So listen to how upset your partner is about how someone treats her. You may find yourself empathizing with the person who disappointed her without realizing it. You may be tempted to explain the bigger picture to her here. You may want her to understand what may have caused this person to hurt your best friend forever and what she may have done to upset this person.
So why should you not play the devil’s advocate?
Your beloved does not need that just now and is sharing her feeling of hurt. Why would you first tell her how she has caused the person to react that way. Let’s agree that your heart is in the right place, and you may have intended something noble.
However, you may leave her in the lurch just when she needed a shoulder to cry on.
She may even accuse you of gaslighting her. This phrase comes from an old movie in which a man drove a woman crazy by continually making her feel that what she had experienced was not valid. Certainly, you do not want her to feel that.

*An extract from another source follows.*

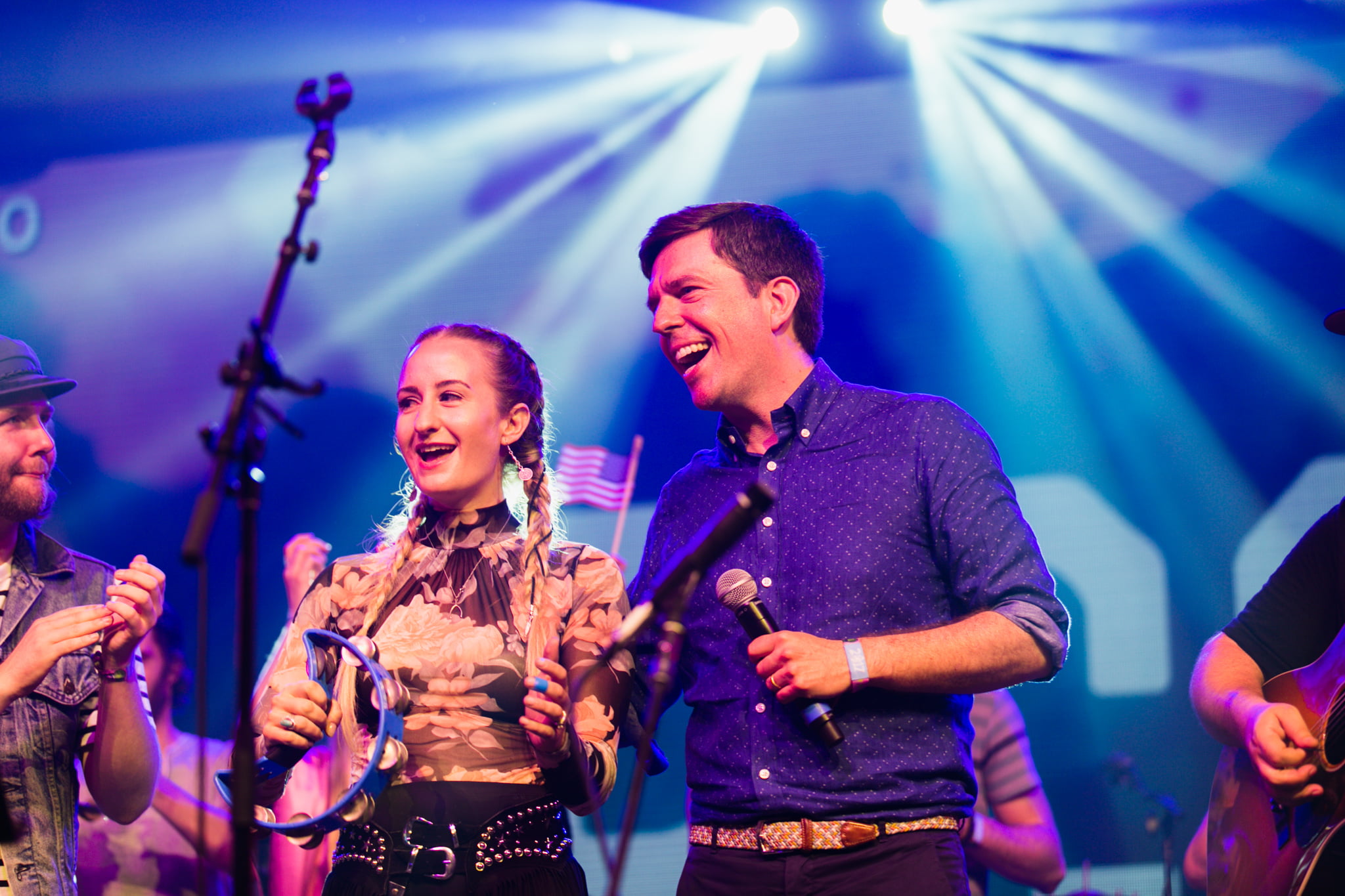 And if that wasn’t exactly what the world needs right now, then it must need John Mellencamp. Right out of “God Bless the USA,” Bryan Sutton morphed the song into “R.O.C.K in the USA.” Last-minute, surprise guest Margo Price sang a verse and rocked out on tambourine with long-time friend Aaron Lee. The musicians all traded solos, launching a friendly musical battle between Greensky’s Anders Beck and Paul Hoffman, as Gaby and Martina shouted along and U.S. flags still waved. Then, Ed signaled the band to drop out, leaving just the crowd singing, jumping up and down with beach balls flying — and our fifth annual Bluegrass Situation SuperJam hosted by Ed Helms came to a close.

By telling her that she should be looking at it differently, i.e., from the point of view the other’s need to react that way, she likely will sense that you believe that you have a corner on truth, and she doesn’t.
She needs you to honor that you can understand from all that you know of her why this might have been particularly discombobulating to her.
This way, you continue to build her confidence that you are less interested in showing off your clarity, and more interested in understanding what all of this means to her. She needs you to sit with her and feel empathy that life at the moment feels overwhelming.
Building a bridge of trust and intimacy increases her confidence that she can be vulnerable with you and know that you will take her side as a way of walking with whatever pain the event has triggered.
Say something like, “ I am sorry you had to go through this, and I want to understand what it’s like to be you. In saying these words, you will open a door for your partner to see in your eyes that you care.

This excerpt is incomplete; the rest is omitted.